To live in any culture whatsoever is to live in a visual culture (Mitchell 94)


Indian cities offer to their inhabitants a cornucopia of samples of popular art everyday: from giant billboards along the streets and facades, to the brightly-coloured Bollywood posters on taxis, buses and walls of private houses, from FM channels airing old film songs to pubs giving a chance of a gig to a local band. In this paper, I shall look at select samples of one such popular visual art form to look at the narratives of a city that is obtained from its representations therein – this paper reads the representations of the city Kolkata in two different series of hoardings/billboards. The idea is of course to see, sift and search the multiple images of Kolkata represented, visualised and imagined in these cultural and consumerist artifacts. My reading of these constructed images will show that they cannot be “static but are always embedded in social and cultural practices of representation, often contested and never complete” (Balshaw and Kennedy 7) and it will try to analyse how the urban experience has been objectified in these pieces of art and artifacts.

I came back to Kolkata in early 2007, after spending four years in a south Indian city. I was back to the city to work on my doctoral thesis and to be near my ageing ailing parents. However, the state of being back home was one of mixed emotions. I was at the same time comforted by the familiar landscape and exasperated by familial intrusions into my privacy. I would, during this time, take long walks around the city to let off steam, exploring paths I had walked many times earlier and finding surprising new lanes and alleys every other day. I had photographed the two series of advertisement hoardings, which I analyze in this paper, during many of these aimless perambulations.

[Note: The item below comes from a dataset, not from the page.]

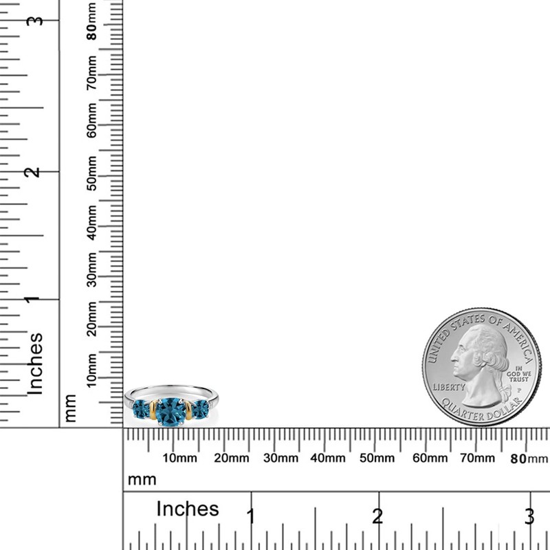 - Striking London Blue Topaz: This stunning ring showcases a cushion-cut London blue topaz gemstone (6MM and 4MM), radiating a deep and captivating blue hue. The London blue topaz is known for its intense color and adds a touch of sophistication to the design. Total Carat Weight is 1.9 cttw.

Billboards or hoardings are an essential part of the urban fabric. Making the optimum use of the available spaces, advertisements (painted or otherwise) are usually put up on elevated structures and placed on the sides of busy urban roads (or even highways) for most visibility. Clogged city traffic often forces people to cast bored stares at the same advertisements over and over again. Posters, advertising one thing or the other, serve the same purpose, but are generally hand-pasted on many city building surfaces and walls, and they often cater to a smaller audience. The static images presented in these hoardings focus on the centrality of vision and the visual world for arriving at certain meanings. The repetition and reiteration of certain images create a modulated and mediated reality, engendering certain value systems and aspirations. The commonest example could be the perceptions about body-image circulated and crystallized through advertisements. The ubiquitous presence of super-thin bodies on billboards all over the body of the city become documents of aspiration and desire for so many who do not conform. In a cityscape, thus, advertisements put up on elevated structures determine more than consumption practices and patterns. They circulate several layers of meanings, making the lines between reality and art fuzzy. As I will attempt to show in my analysis, they often privilege certain elements over others in the scopic regime. In the case of representations of a city in the images that the city throws up, this might lead to, through repeated reinforcement, some aspects of the urban historical past gaining more currency over certain others. These meanings are “seen and assimilated in different ways by the “seeing public.”

The first series of advertisements that I am going to look at were put up throughout the city by Red FM 93.5, a private FM channel during the year 2007. (See figures 1 to 4 below)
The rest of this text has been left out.